03 marzo 2015 | 10:24

Il Cda di Rcs Libri rimanda l’affare sulla proposta Mondadori. La possibile cessione divide soci e consiglieri

(Mf-Dj) Il Cda di Rcs ha deciso di aggiornare i lavori per completare l’esame dei punti all’Ordine del Giorno nella riunione convocata per il 6 marzo prossimo. Lo si apprende da una breve nota diffusa ieri in tarda serata dalla società editoriale.
Il Board si era riunito per prendere una decisione sulla manifestazione di interesse non vincolante presentata lo scorso 18 febbraio da Mondadori per rilevare la divisione Libri di via Rizzoli.

Rcs: in bilico cessione libri a Mondadori (Sole)

La possibile cessione di Rcs Libri a Mondadori ha diviso soci e consiglieri di Rcs. Lo scrive Il Sole 24 ore aggiungendo che ieri il cda della casa editrice del Corriere della Sera è iniziato alle 17h00 e si è chiuso in tarda serata con la decisione di una nuova convocazione per venerdì prossimo 6 marzo.
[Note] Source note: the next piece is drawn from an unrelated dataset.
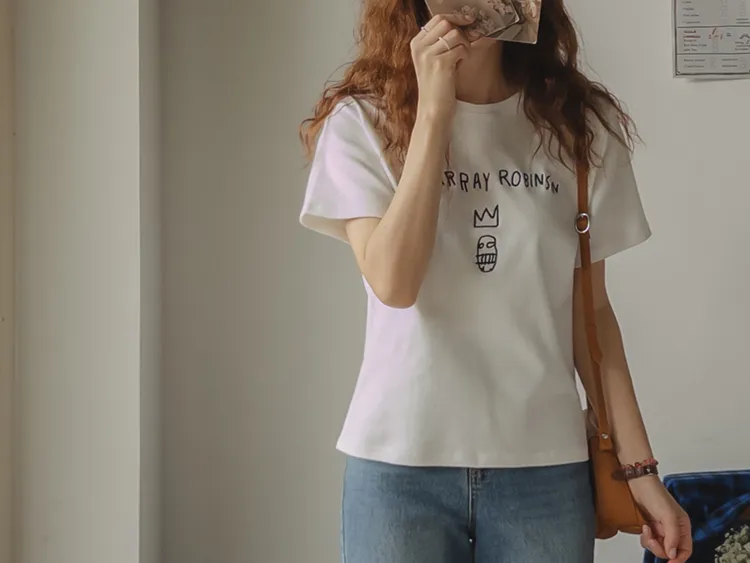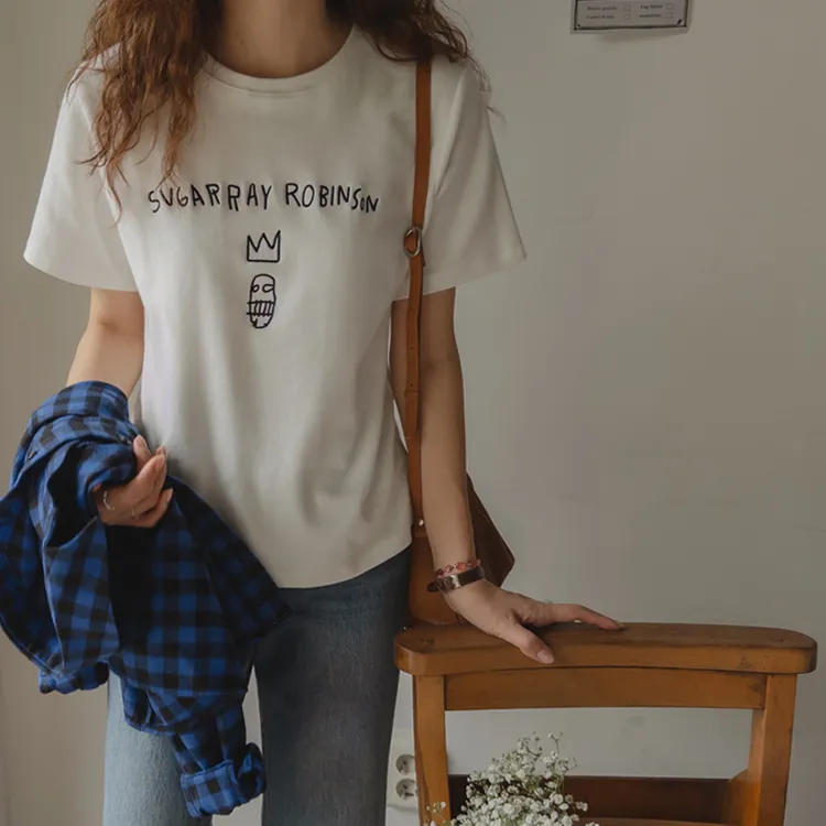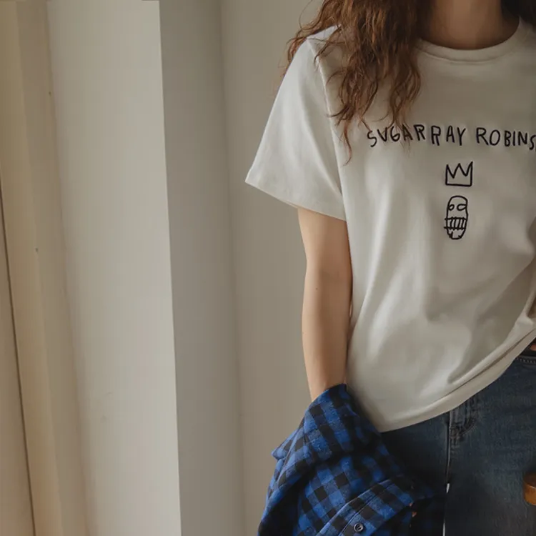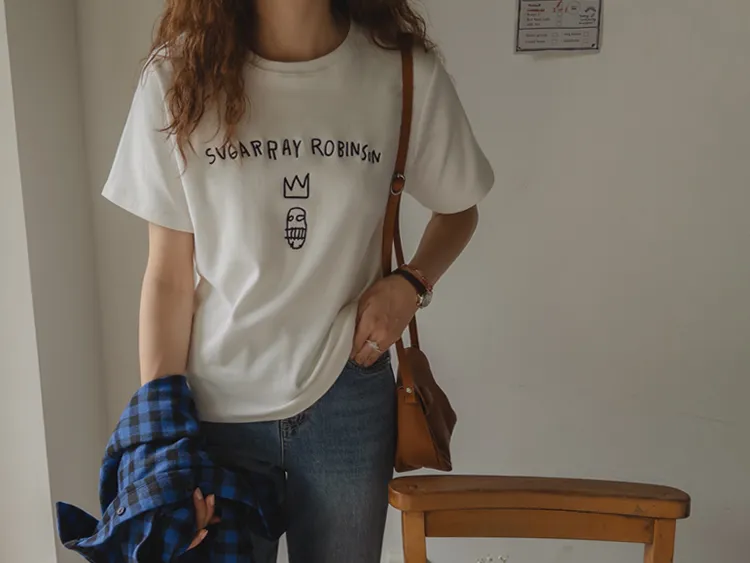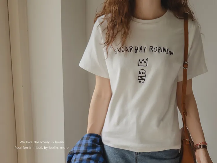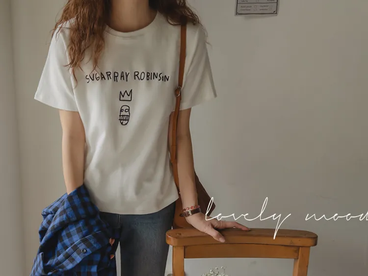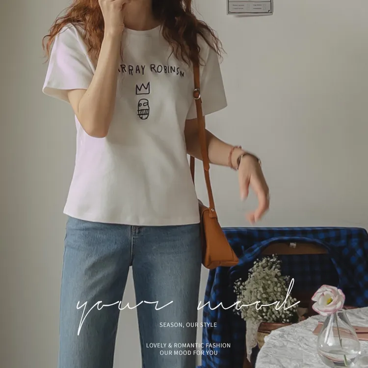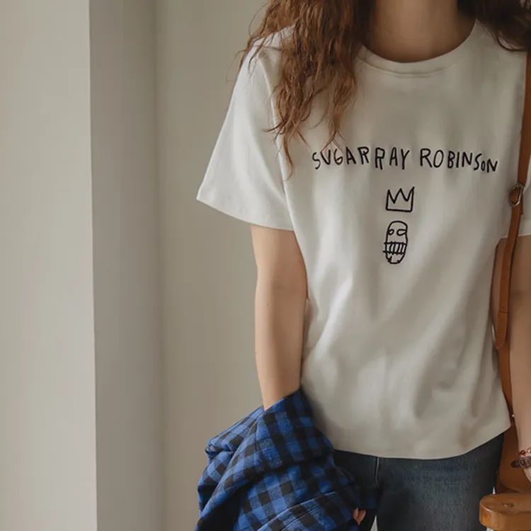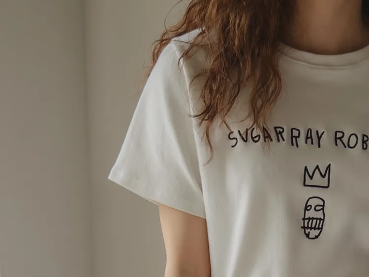 塗鴉風皇冠字母刺繡柔軟短袖上衣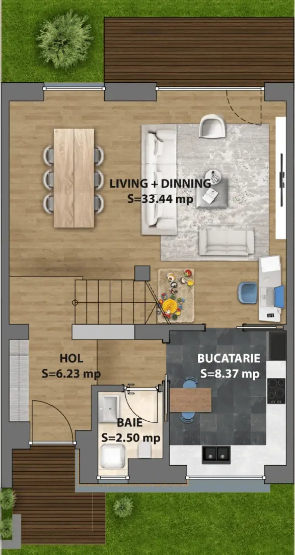 Living + dining - 33.44 mp Bucătărie - 8.37 mp Baie - 2.50 mp Hol - 6.23 mp Suprafață totală utilă - 50.54 mp Suprafață totală construită - 61.02 mp

Pietro Scott Jovane (foto-Olycom)

Pietro Scott Jovane (foto-Olycom)

Nell’azionariato di Rcs, scomposto dalla rottamazione del patto di sindacato, ci sono almeno tre azionisti critici sull’operazione così come è stata prospettata: Urbano Cairo (3,66%), gli eredi Rotelli (3,37%) e Diego Della Valle (7,3%). La valutazione tra i 120 e i 150 mln, prosegue il giornale, non evita a Rcs di riportare una minusvalenza di qualche decina di milioni, visto che il prezzo di carico della Libri, al netto della cassa, è per Rcs di 180 mln.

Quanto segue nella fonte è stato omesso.